De toute façon, le passage au socialisme, s’il s’accomplira par des chemins propres à notre pays et conformes aux circonstances dans lesquelles nous nous trouverons, ne se fera en aucun cas sans heurt et sans lutte.

 

Le passage de la démocratie au socialisme n’est pas une chose douce. Il ne suit pas une voie paisible, mais une voie abrupte, marquée par beaucoup d’obstacles. Sans lutte, il n’y aura pas de résultats.

(Dimitrov)

 

C’est d’autant plus vrai pour la France qu’elle " est le pays où plus que partout ailleurs la lutte historique des classes a toujours été menée résolument jusqu’au bout ".

(Engels)

 

Pour le reste, il n’y a pas de recette toute faite ; c’est la vie elle-même , c’est-à-dire la lutte, qui tranchera. 

En résumé, il importe avant tout de retenir que :

 1° Notre idéal est conforme à la science moderne ; il est fondé sur une théorie scientifique de l’évolution humaine.

 

Le Parti Communiste est le seul parti pour qui la politique soit comme la technique pour l’ingénieur, l’application de la science. C’est la raison pour laquelle le Parti Communiste sait distinguer l’idéal de demain des objectifs de l’action d’aujourd’hui.

(Maurice Thorez)

 2° Notre idéal est conforme aux intérêts de la classe ouvrière.

Sa réalisation fera des travailleurs des hommes libres, c’est-à-dire maîtres de leurs destinées.

 3° Notre idéal est conforme à l’intérêt national, puisque la réalisation de la société sans classe achèvera l’unification de la Nation.

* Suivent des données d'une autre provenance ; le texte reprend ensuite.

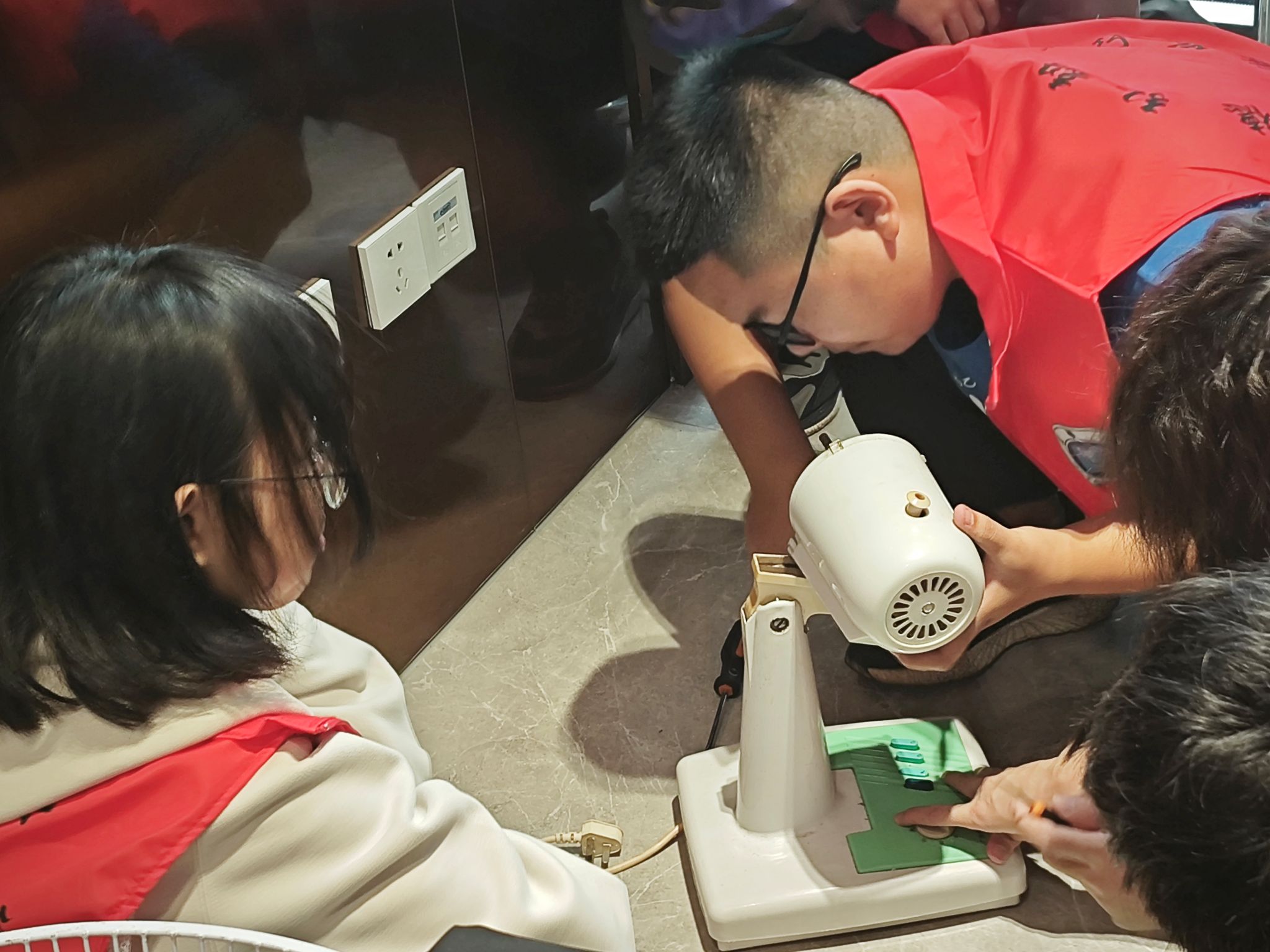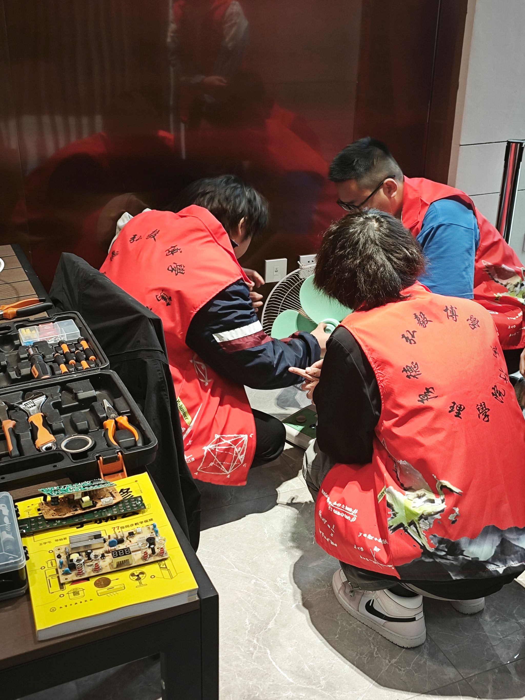 在此次维修活动中,青协志愿者们分两队分别来到社区旗下的中海小区和骊山下院子两个小区开展工作,维修电器主要包括年久失修的电风扇、烧水壶、高压锅等常用小电器。面对各种各样的故障家电,小组成员分工明确,有的标记家电,有的拆卸部件,有的检查电路,有的排除故障。在维修过程中,志愿者们还耐心地向居民讲解日常维护和简单修理的小技巧,帮助居民增长知识。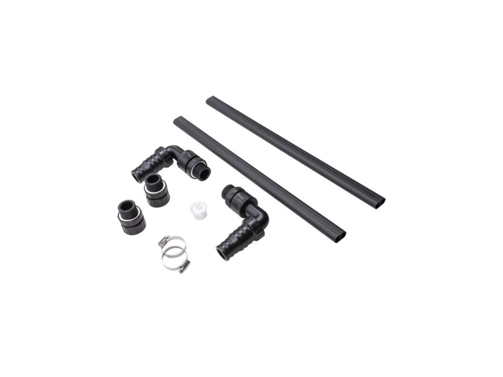 1× accessory kit (incl. elbows, plugs, flat seals, spring rings, nuts, barbs, silicone O-rings, adapters, hose clamps, and lubricant)

 4° Notre idéal est conforme à la grande aspiration de l’humanité au progrès et au bonheur, puisque

 

le but des communistes est de permettre à l’humanité de réaliser dans son action sur les forces économiques le progrès qu’elles a déjà réalisé dans son action sur les forces de la nature.

(Maurice Thorez)

 5° Notre idéal ne pourrait être réalisé sans un parti de type nouveau :

 

Le Parti Communiste Français, unissant autour de la classe ouvrière, l’ensemble des masses populaires.

 

*****

OUVRAGES A LIRE

 Maurice Thorez :

Réponse à l’enquête de R.Millet (reproduite dans " France Nouvelle " N° 53 du 23 novembre 1946, sous le titre " l’idéal communiste, économique, social, politique).

 

Histoire du Parti Communiste (bolchevik) de l’U.R.S.S., chapitre, 9 à 12. (disponible sur le site)

 

Constitution de l’U.R.S.S. – Editions Sociales, Paris

 BIBLIOGRAPHIE

 

MARX et ENGELS : " Manifeste du Parti Communiste " (disponible sur le site)

 

ENGELS : " Socialisme utopique et Socialisme scientifique (disponible sur le site)

 

LENINE : L’Etat et la Révolution. (disponible sur le site)

 

STALINE : Les Principes du Léninisme chapitre 4. (disponible sur le site)

 

QUESTIONS

 

I.- Quels sont les deux traits essentiels d’une société socialiste ?

 

II.- Quelles sont les différentes formes de la propriété en U.R.S.S. ?

 

III .- Comment sont répartis les produits du travail dans une société socialiste ?

 

IV.- Pourquoi la production connaît-elle un développement rapide et illimité dans une société socialiste ?

 

V.- Quelles sont les principales tâches de l’Etat dans la période de construction du socialisme ?

 

VI.- Pourquoi l’Etat reste-il une nécessité en U.R.S.S. après l’achèvement de la construction du socialisme ?

 

VII.- Pourquoi la dictature du prolétariat constitue-t-elle un élargissement considérable de la démocratie ?

 

VIII.- Montrez pourquoi le socialisme libère l’homme dans tous les domaines ?

 

IX. – Expliquez le passage du socialisme au communisme, et donnez les principales caractéristiques de la société communiste.

 

X.- Expliquez pourquoi la France, comme chaque pays, passera au socialisme par sa voie propre.

 

NOTE

 

  1. Parmi les matériaux qui ont servi à l’élaboration de la théorie de Marx et d’Engels, il faut citer l’œuvre des grands philosophes du 18ème siècle. Il faut citer également les luttes révolutionnaires du peuple français pendant la grande révolution de 1789-1793, les journées de février, de juin 1848 et la Commune de Paris de 1871. Il faut citer aussi l’œuvre des socialistes utopistes eux-mêmes.

 

Les parties souligné sont en caractères gras dans l’édition " papier " originale.